2016 full scale exercise command post.

In addition to all the drills done by state and local agencies, larger oil transport facilities and terminals have requirements under the Federal regulations to conduct a certain number of exercises. Because approximately 310,000,000 gallons of petroleum products come through the port each year, in addition to tallow and other types of used/rendered fats, these drills are critical for preparedness of response. No gasoline is shipped through Portsmouth.

The most recent important local event was this past June, when the outbound Chem Venus tanker struck the bottom of the river and grounded. There was damage to the hull and although an actual spill didn’t occur, the NH DES Oil Spill Response Preparedness team stood up a small command and began planning for the potential. The last spill of significance in the Piscataqua River was in 1996 when 800 +/- gallons of heavy #6 oil was released at the PSNH docks due to a tanker accidentally coming loose at the dock.

2016 Oil Spill Full Scale Exercise

(L-R) NH Marine Mammal Rescue Team members Sarah Toupin, Ashley Stokes and Nikki Annelli.

The simulated scenario for this year’s Full Scale Exercise involved an oil tanker running aground off the Isles of Shoals. Each agency or organization had specific roles to play, from launching boats and oil containment booms to notifying law enforcement and staging rescue operations.

Seacoast Science Center staff participants, who all hold ICS certification, were coordinating response to any wildlife affected by the spill, along with colleagues from US Fish and Wildlife and Tri-State Bird Rescue. They were tasked with setting up an oiled wildlife rehabilitation station and fielding phone calls about a variety of animals from tiny terns to a giant orca!

Seacoast Science Center President Wendy Lull confers with Carroll Brown, Oil Spill Response Preparedness Coordinator for NH DES.

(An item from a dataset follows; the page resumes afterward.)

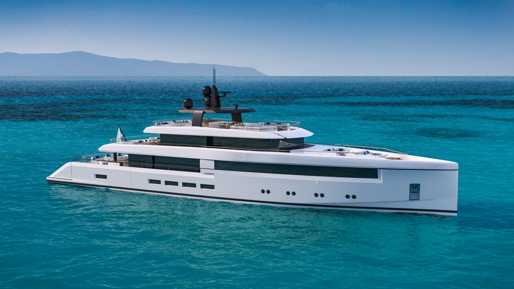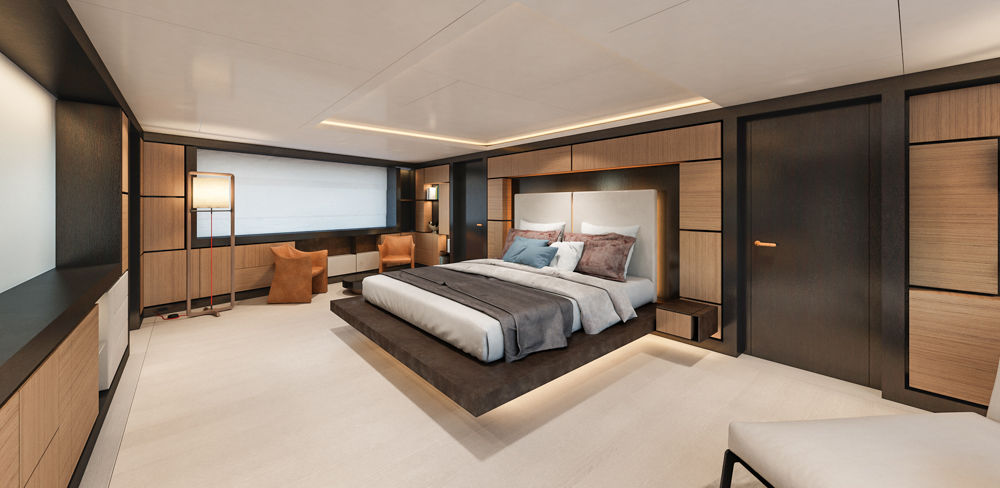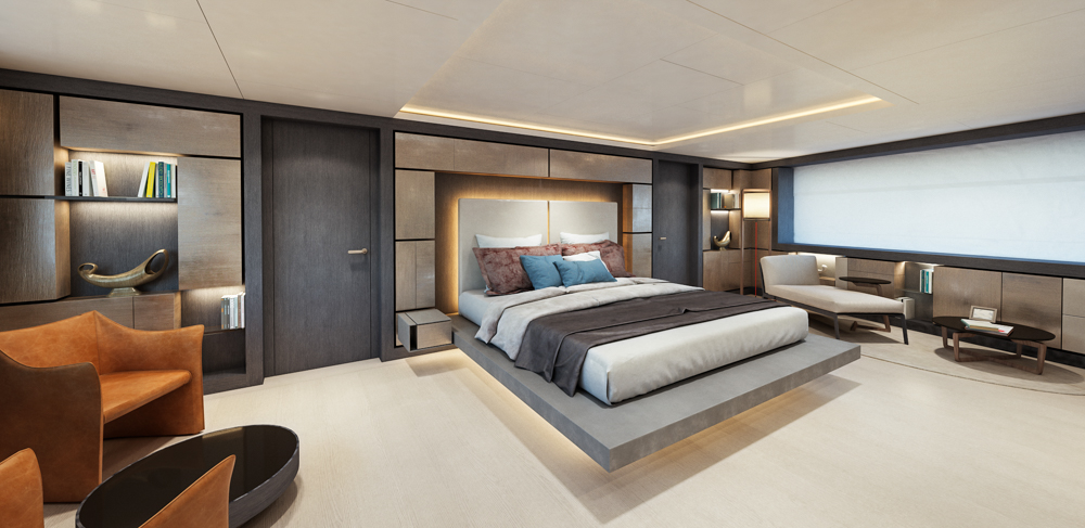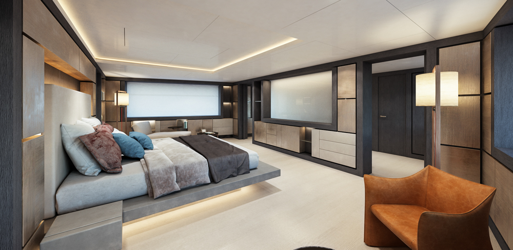 La master suite di 75 mq con ufficio privato è a prua sul ponte principale. L’ampia cabina armadio armatoriale è stata posizionata in modo da essere certi di eliminare ogni possibile rumore proveniente dalla cucina. Una suite VIP a dritta, di fronte alla cucina, può essere utilizzata anche come cabina per il personale o per i bambini. Il salone principale di 78 mq e la sala da pranzo, con porte laterali scorrevoli in vetro su entrambi i lati, si affacciano sul ponte di poppa aperto e sulle doppie scale che conducono al beach club.

All of the SSC staff in attendance at the drill are also members of our Marine Mammal Rescue Team so they have a great deal of knowledge already, but had other resources at their disposal to determine response actions. By collaborating with colleagues, they were able to execute a timely response and identify areas to tighten up in the future. The exercise ran for six hours and concluded with a debrief of all processes.

This is the third year that our Marine Mammal Rescue Team has been invited to participate in this and other regional exercises. Our team members are proud to be part of response efforts to mitigate the effects of an oil spill or other environmental incident and are continuing their training in the ICS Response Management protocol.

*Participating agencies and organizations included: NH Department of Environmental Services, US Coast Guard First District, US Coast Guard Sector Northern New England, US Coast Guard Auxiliary, US Fish and Wildlife, US Environmental Protection Agency, National Oceanic and Atmospheric Administration, US Navy Facility Response Team/Portsmouth Naval Shipyard, Newmarket Fire Department, Rye Fire Department, Portsmouth Fire Department, Greenland Fire Department, Seacoast Chiefs First Officers Mutual Aid Association, NH Homeland Security and Emergency Management, NH Fish and Game, NH Port Authority, ME Department of Environmental Protection, ME Department of Inland Fisheries and Wildlife, ME Marine Patrol, ME Department of Marine Resources, Portsmouth Oil Spill Response Workgroup, NH Marine Mammal Rescue, Tri-State Bird Rescue, Irving Oil, Sprague Energy, Eversource, Seabrook Station, and NRC Environmental.